“I created ‘The Westerner’ because of anger – anger at never-miss sheriffs, always-right marshalls, whitewashed gunfighters … anger at TV’s quick-draw tin gods who stand behind a tin star or ten cents’ worth of righteous anger and justify their skill and slaughter with a self-conscious grin or a minute’s worth of bad philosophy.”
Sam Peckinpah
Hollywood and the Lazy Cowboy
Think for a moment of all the cowboy movies you have seen. It is easy to think about because there were a lot of them. Henry Fonda, Kevin Costner, Paul Newman, Robert Redford, Robert Mitchum, Clint Eastwood, Lee Van Cleef, James Arness and, how about John Wayne. My point is that there are a ton of movies about the Old West. They are labeled as Old West in the description.
There are some good stories too. The gunfighter and the shoot outs and the rustlers and train robberies. Big cattle drives and more, all telling the epic grand story of America. We love it.
We know that the Winchester Rifle was invented and made for the Civil War using new ideas of mass production. Same with the Colt revolver. Because of the exact sameness of all of these guns, bullets could now be made and sold in boxes.
The Civil War was between 1861 and 1865. So, unless the movie is specifically about the Civil War, if you watch a movie with a Winchester or see crossed belts on a bandolero then the time period is about from 1870 to 1885.
Can it be that narrow? Yes. All of those cowboy movies that we know and love fit in a small fifteen year time period. If you see a gun belt with loops for bullets, it is in that time.
I’d like to rename the entire genre and call it The Late West instead of The Old West. Just because Hollywood repeats itself with a good thing doesn’t mean that there was not a lot more to tell.
Pick a decade. How about the 1830. Missouri is a brand new state thanks to the Louisiana Purchase and that means St. Louis. Now imagine over one hundred paddle boats in the dock on the Mississippi River. Hollywood could have told hundreds of stories about the steamboats and the riverboat gamblers and the thrill of riding down the river. That has potential for a lot of action.
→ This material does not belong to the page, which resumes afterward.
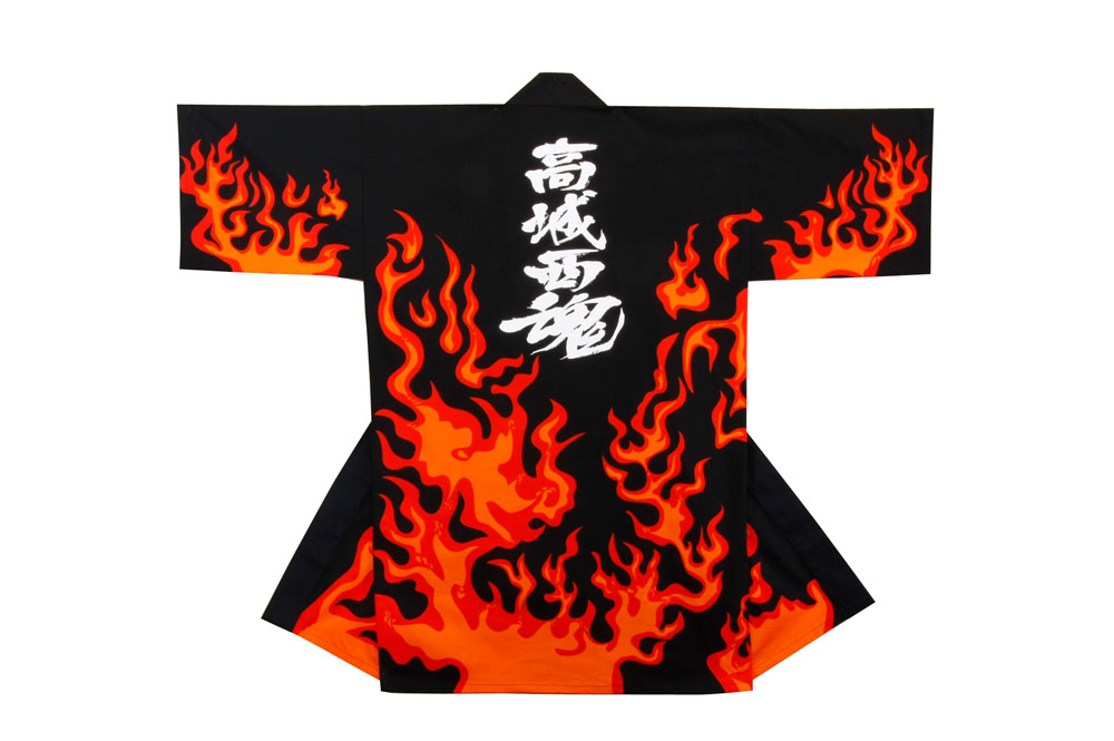 「高城西魂」オリジナルはっぴ制作事例 商品カテゴリ: 1 商品: 276 利用シーン: 加工位置: 背中 加工サイズ: 加工方法: プリント カメオカからのコメント: 勢いある文字が炎柄とマッチしてとってもカッコいい仕上がりになりました。
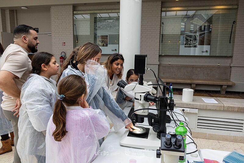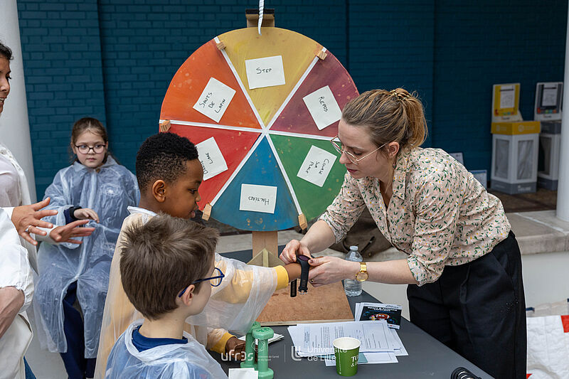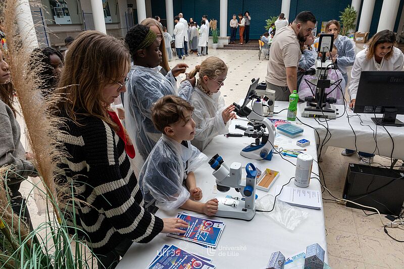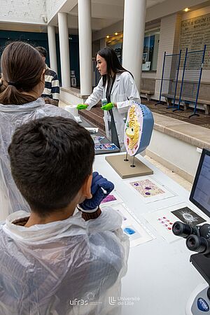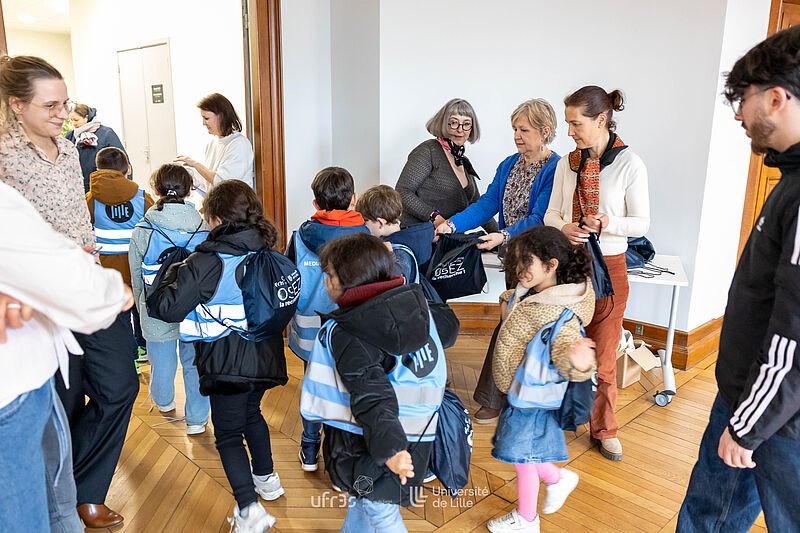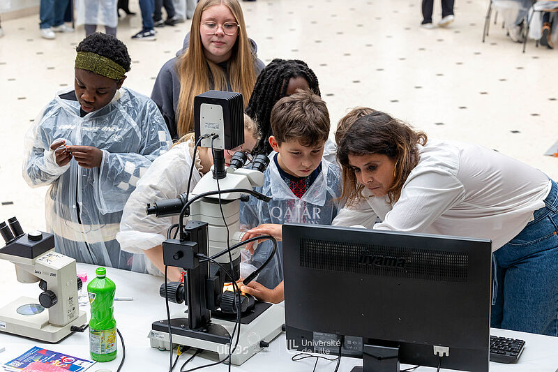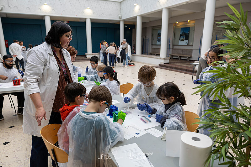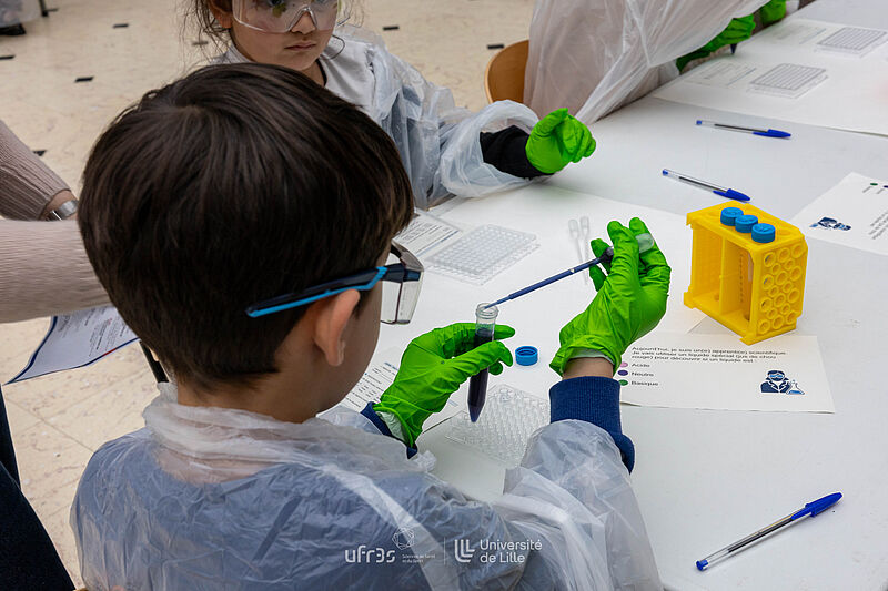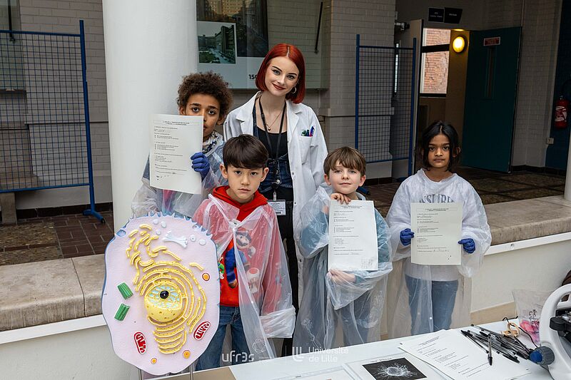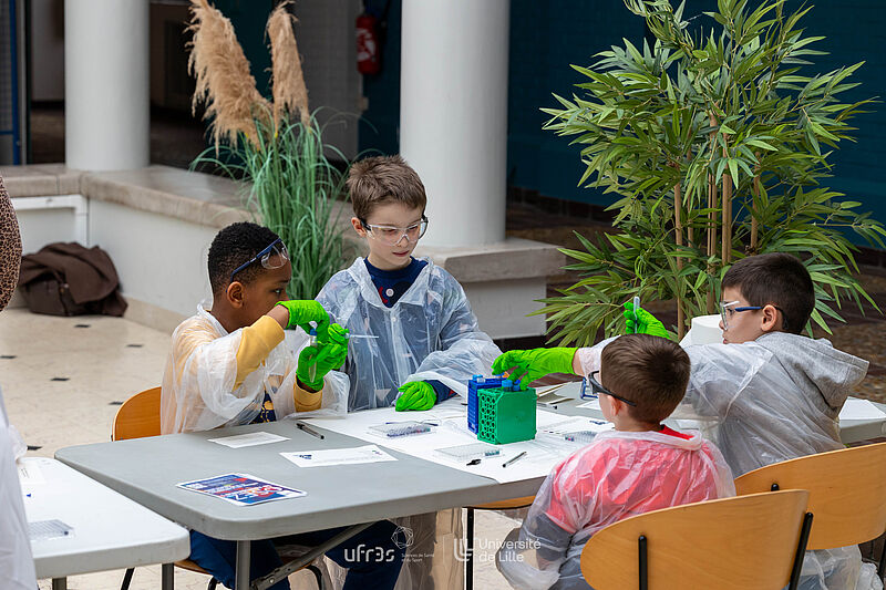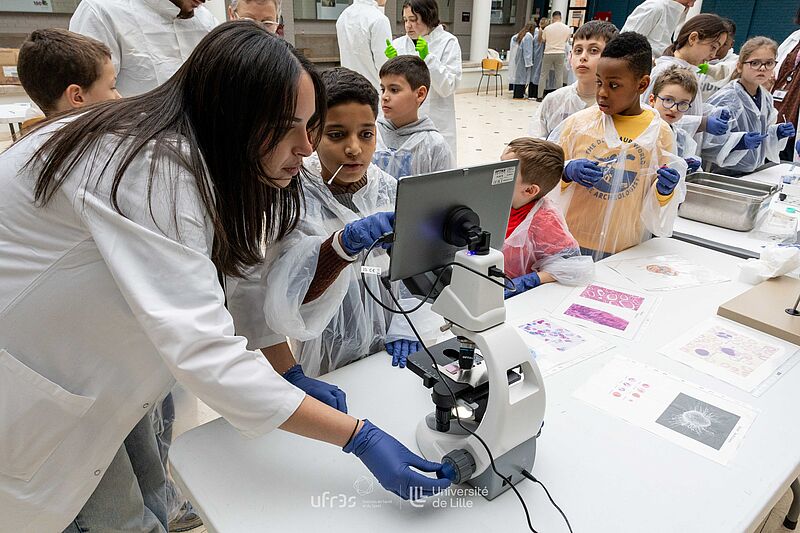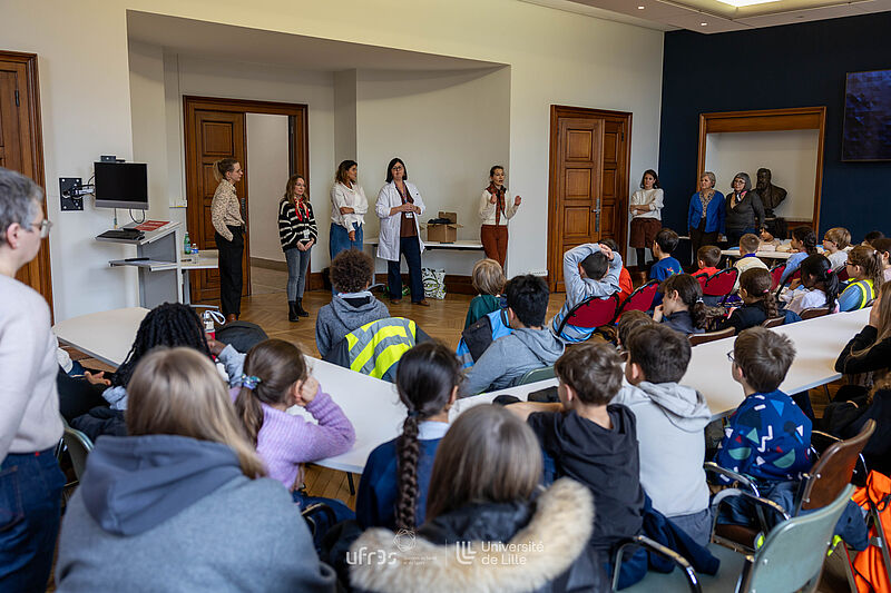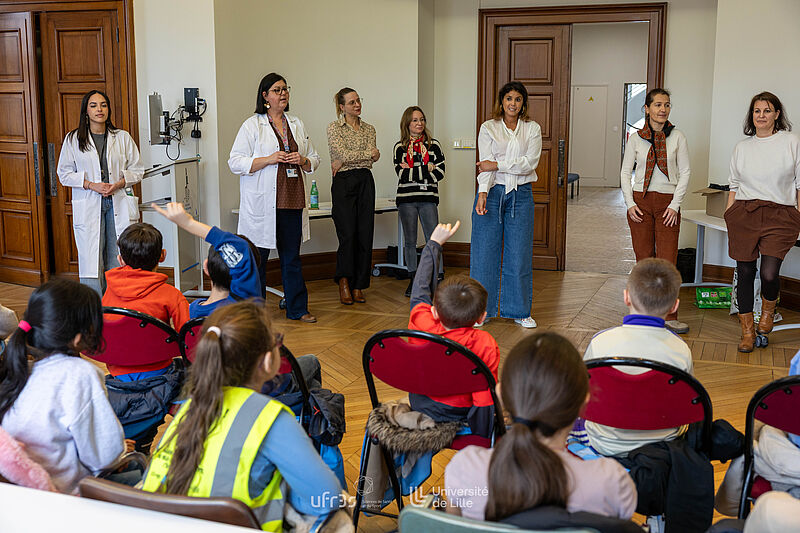 Au sein de l’UFR3S, cette journée a été organisée par quatre femmes scientifiques accompagnées de doctorantes de leurs laboratoires : Muriel Pichavant, Meryem Tardivel, Agathe Anthierens, Sarah Gabut, Marine Nouvel, Emeline Driencourt, Sirine B. et Charlotte Dufaye. Ce jeudi 12 février, elles ont reçu 37 enfants des centres de loisir de Lille pour leur faire découvrir de manière ludique le métier de chercheur(se).

How about this from Wikipedia?
“The annual rendezvous was often held at Horse Creek on the Green River, now called the Upper Green River Rendezvous Site, near present-day Pinedale, Wyoming. Another popular site in the same general area was Pierre’s Hole. By the mid-1830s, it attracted 450-500 men annually, essentially all the American trappers and traders working in the Rockies, as well as numerous Native Americans.
Wouldn’t you like to see a movie about 500 trappers meeting at the same place? Tons of drama! It would also dispel the romantic myth of the independent Mountain Man, so many of them were working for the Hudson Bay Trading Company.
So anyways, Hollywood. There are a lot more stories to tell than about a heroic gunfight. That is too easy. A fifteen year span that is our Old West doesn’t cut it for me. I’ll call it the Late West.